## EXERCISE PROMPT:
For the entries below, return the line holding "Med sin höga" together with all lines after it, unchanged, and leave every picture out.

## MATERIAL FOR THIS TASK:
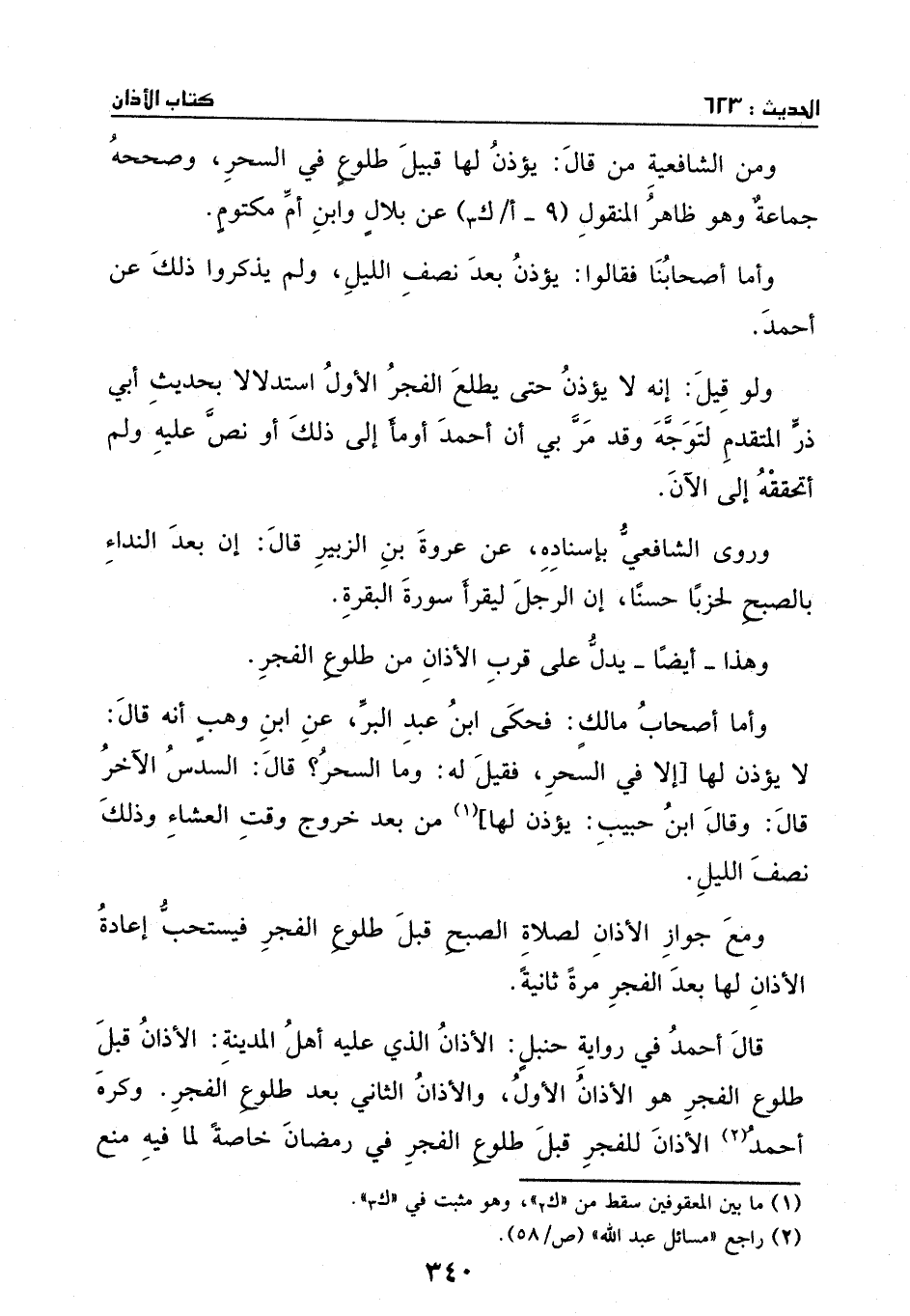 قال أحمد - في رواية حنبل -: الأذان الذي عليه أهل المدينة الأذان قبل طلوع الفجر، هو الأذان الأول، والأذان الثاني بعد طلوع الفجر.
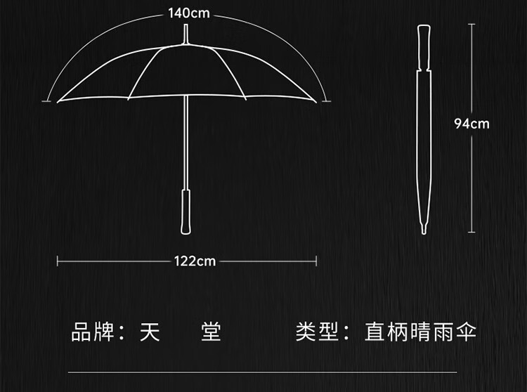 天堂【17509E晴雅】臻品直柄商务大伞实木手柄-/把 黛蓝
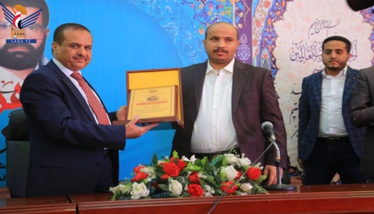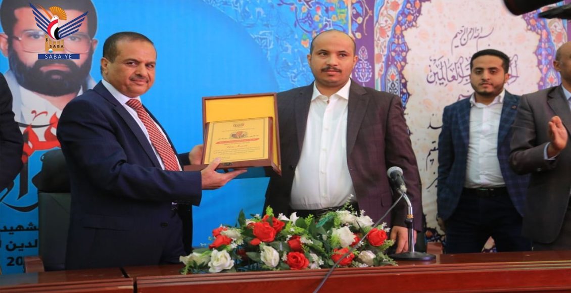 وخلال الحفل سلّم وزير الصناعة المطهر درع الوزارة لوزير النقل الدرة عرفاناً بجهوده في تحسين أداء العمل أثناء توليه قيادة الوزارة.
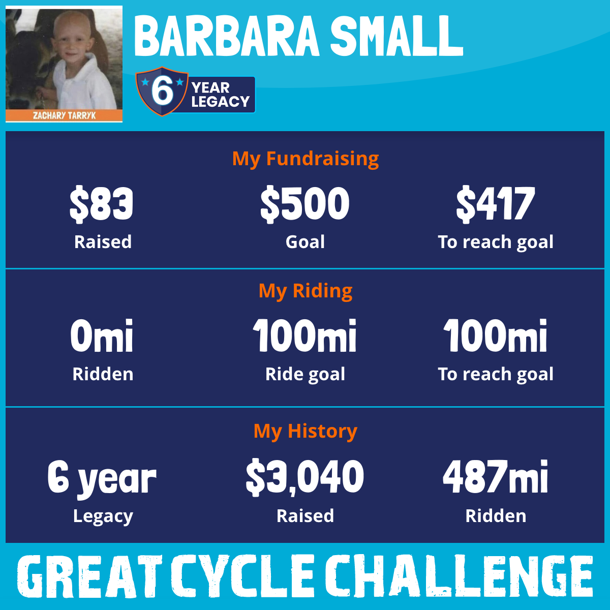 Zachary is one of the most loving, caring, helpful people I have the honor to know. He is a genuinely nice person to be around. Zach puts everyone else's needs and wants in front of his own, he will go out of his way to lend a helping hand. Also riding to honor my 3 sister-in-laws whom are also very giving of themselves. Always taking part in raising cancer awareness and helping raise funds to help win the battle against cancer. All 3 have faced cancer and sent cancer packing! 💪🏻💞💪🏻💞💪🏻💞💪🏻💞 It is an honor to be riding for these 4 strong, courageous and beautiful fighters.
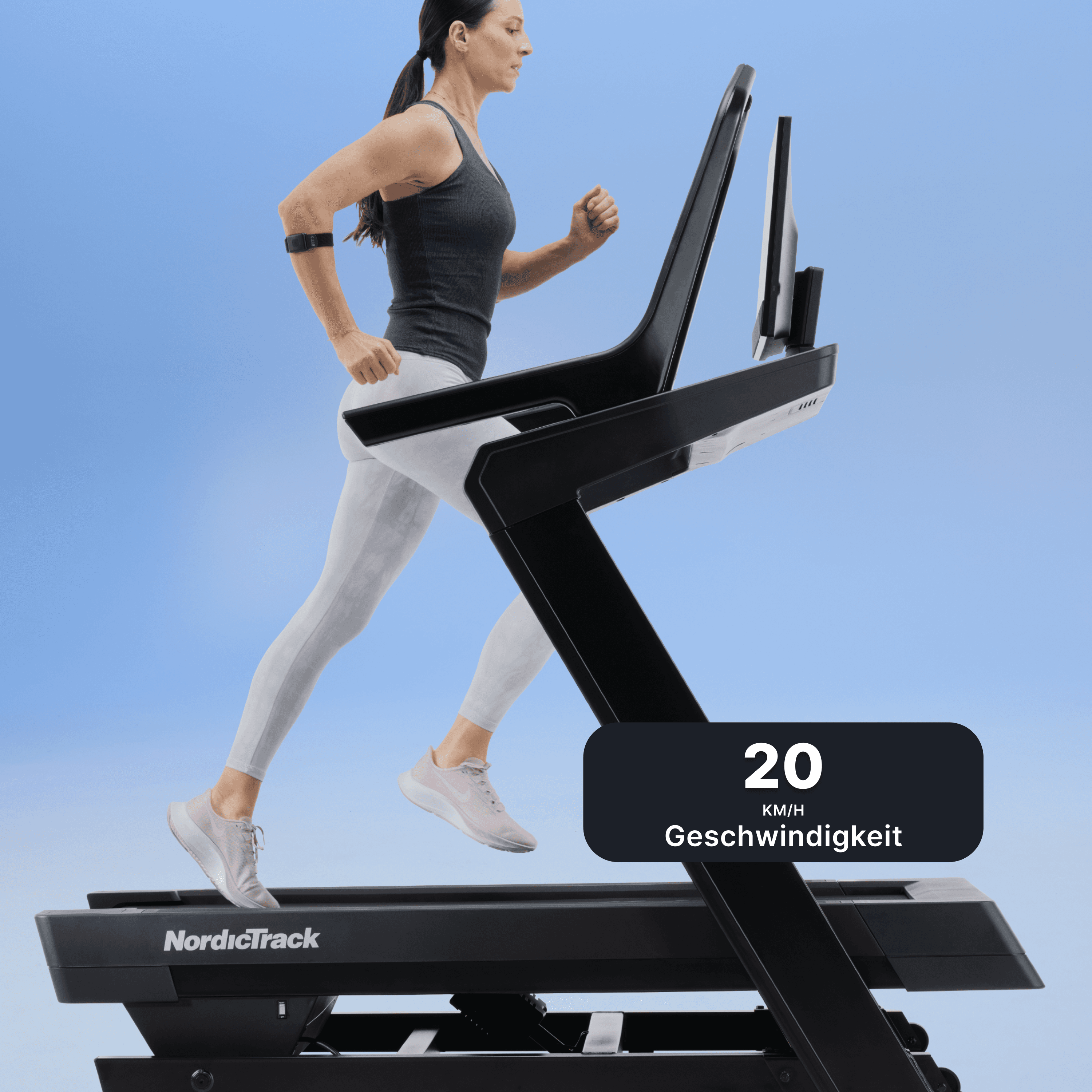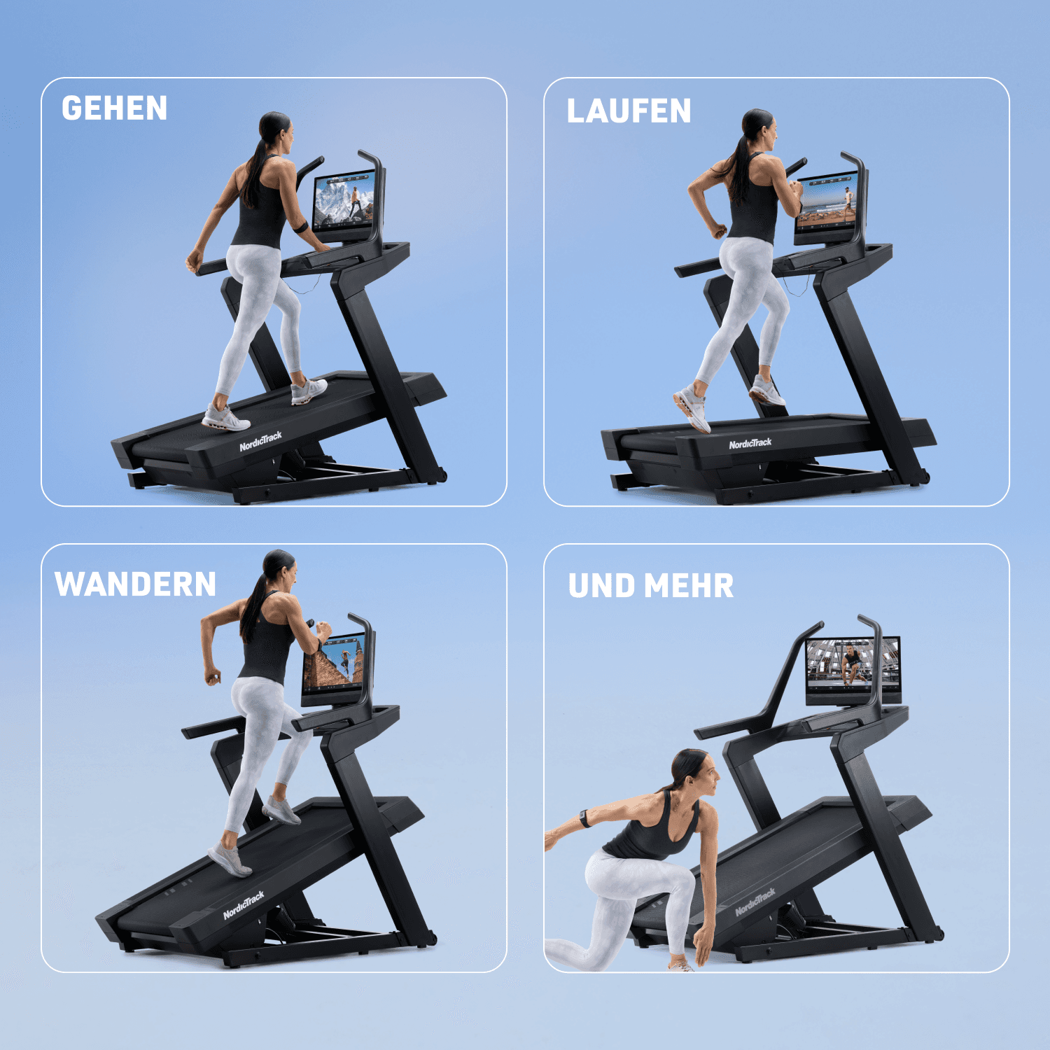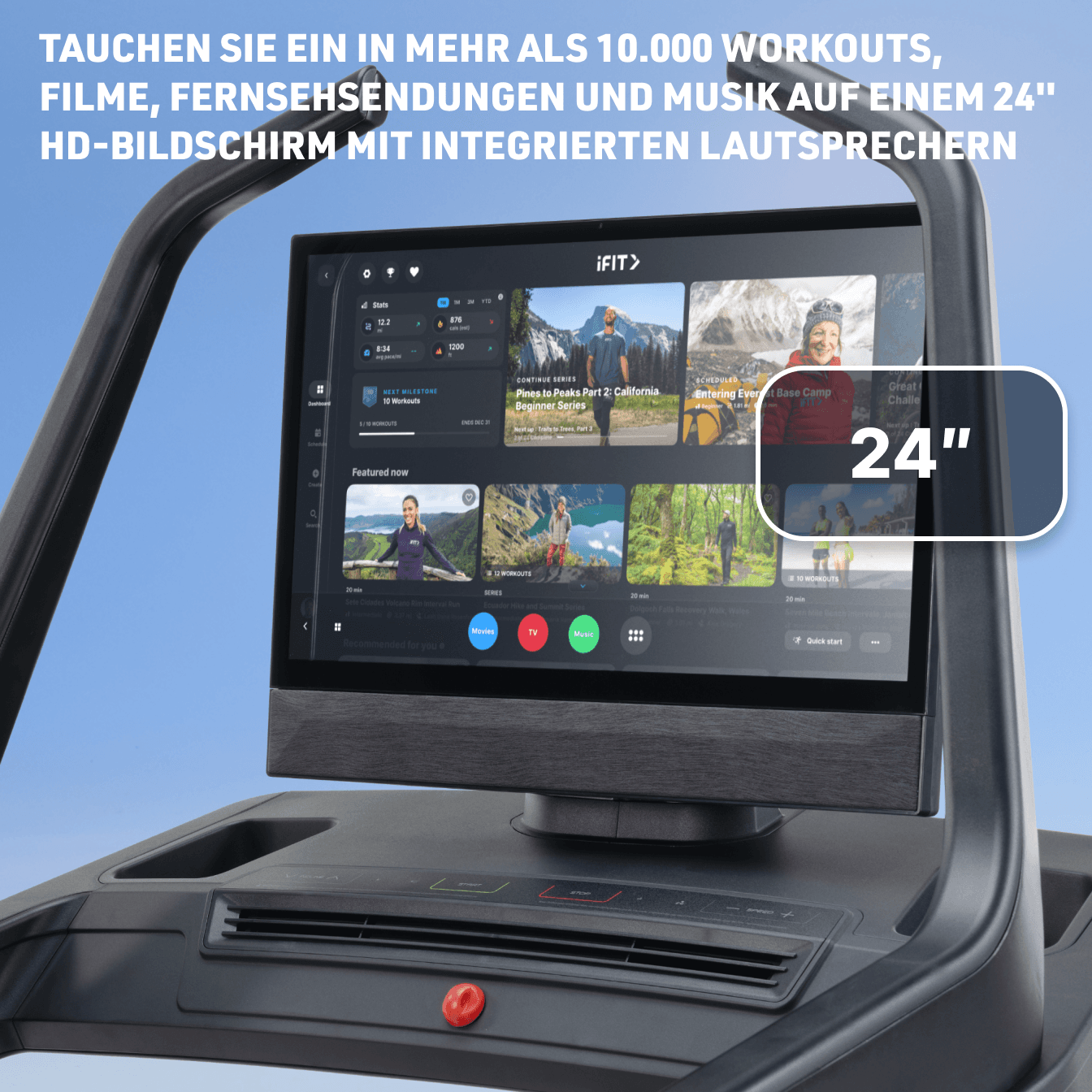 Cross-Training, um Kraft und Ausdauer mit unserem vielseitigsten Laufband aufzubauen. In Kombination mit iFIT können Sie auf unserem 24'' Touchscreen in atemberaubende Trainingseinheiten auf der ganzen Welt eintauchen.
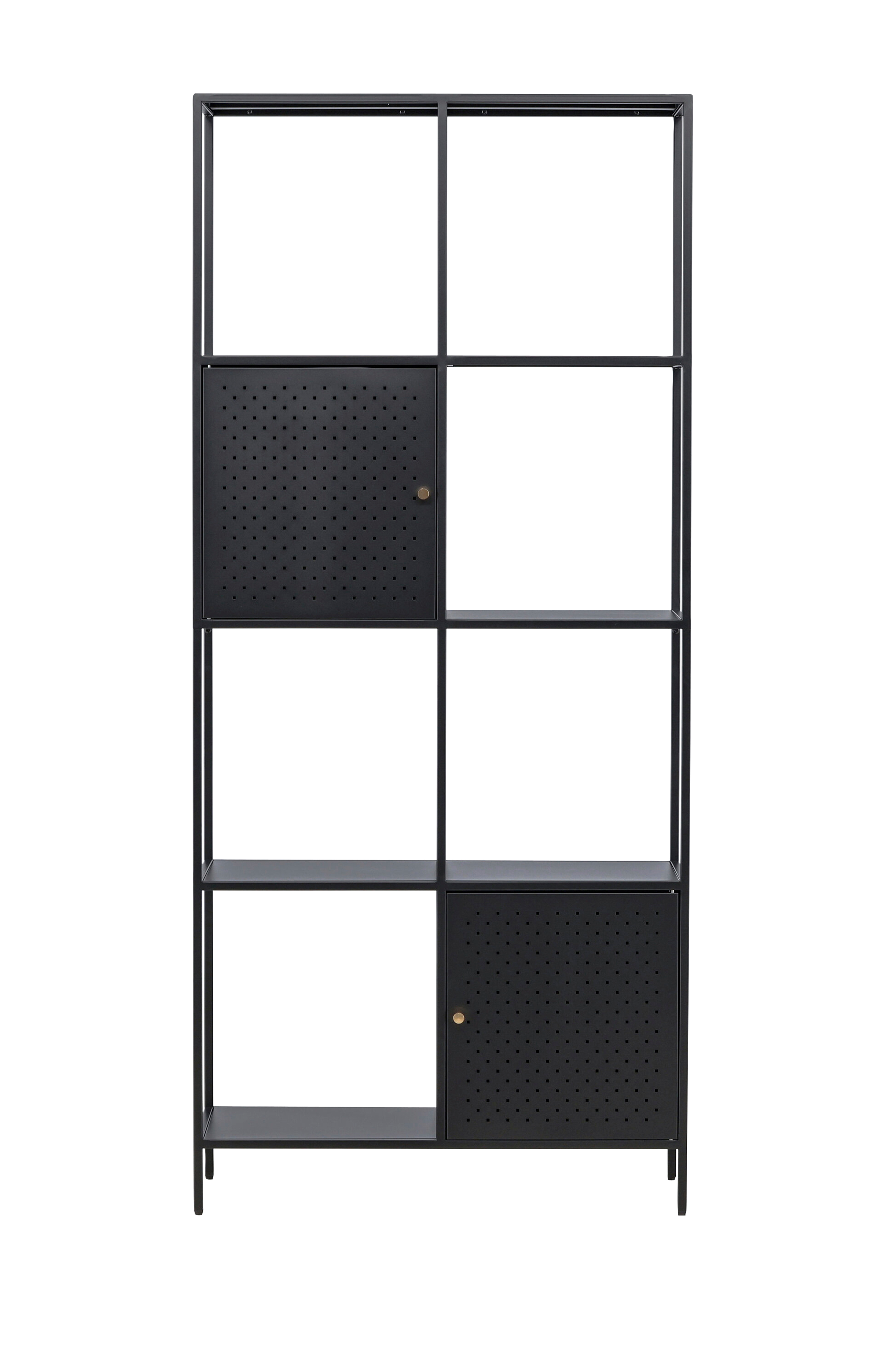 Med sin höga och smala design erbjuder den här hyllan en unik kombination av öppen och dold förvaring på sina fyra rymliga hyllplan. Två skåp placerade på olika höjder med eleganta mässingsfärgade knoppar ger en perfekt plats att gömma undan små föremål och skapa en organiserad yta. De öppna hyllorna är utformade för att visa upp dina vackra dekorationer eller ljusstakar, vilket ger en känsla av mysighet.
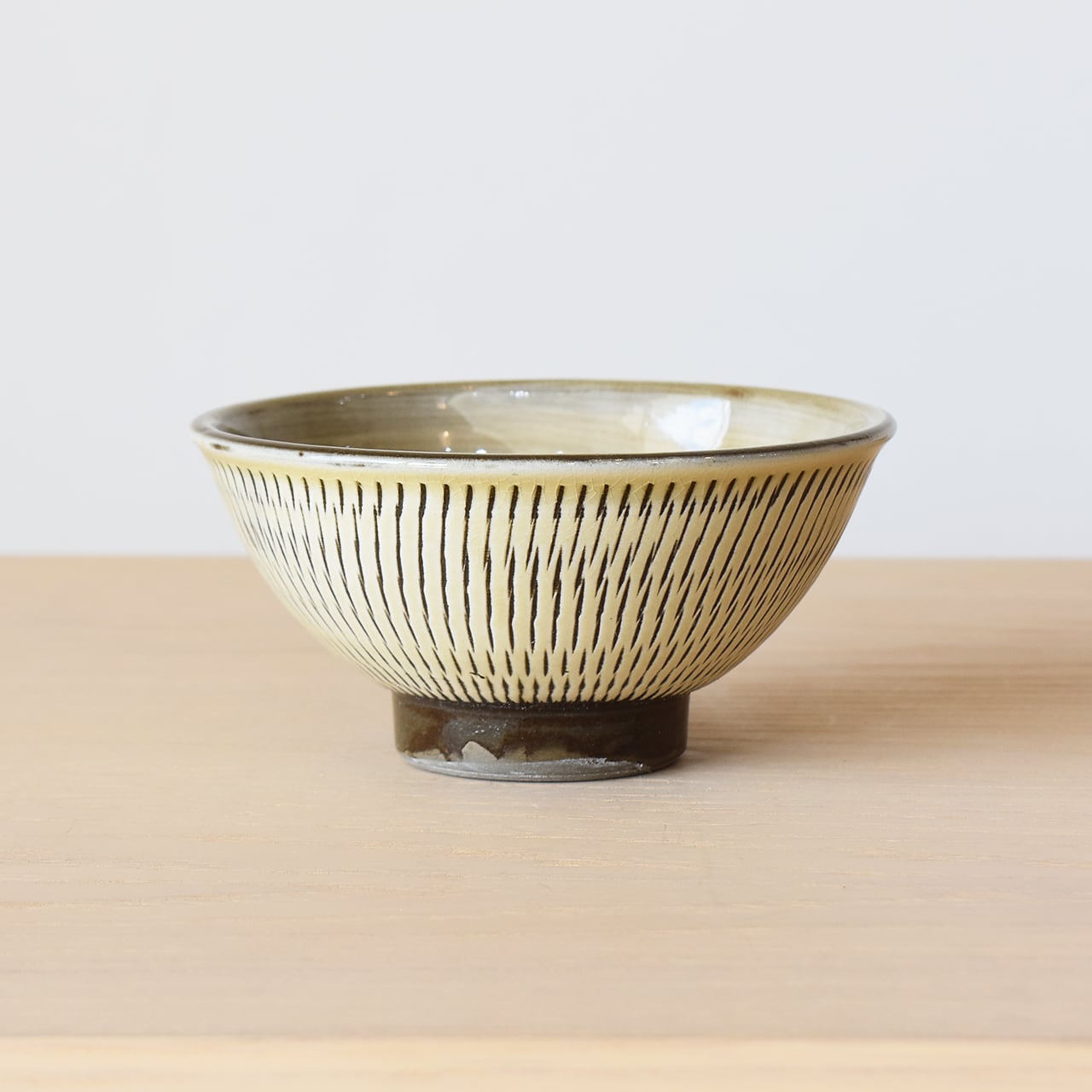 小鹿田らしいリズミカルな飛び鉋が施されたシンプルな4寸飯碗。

## EXERCISE ANSWER:
 Med sin höga och smala design erbjuder den här hyllan en unik kombination av öppen och dold förvaring på sina fyra rymliga hyllplan. Två skåp placerade på olika höjder med eleganta mässingsfärgade knoppar ger en perfekt plats att gömma undan små föremål och skapa en organiserad yta. De öppna hyllorna är utformade för att visa upp dina vackra dekorationer eller ljusstakar, vilket ger en känsla av mysighet.
 小鹿田らしいリズミカルな飛び鉋が施されたシンプルな4寸飯碗。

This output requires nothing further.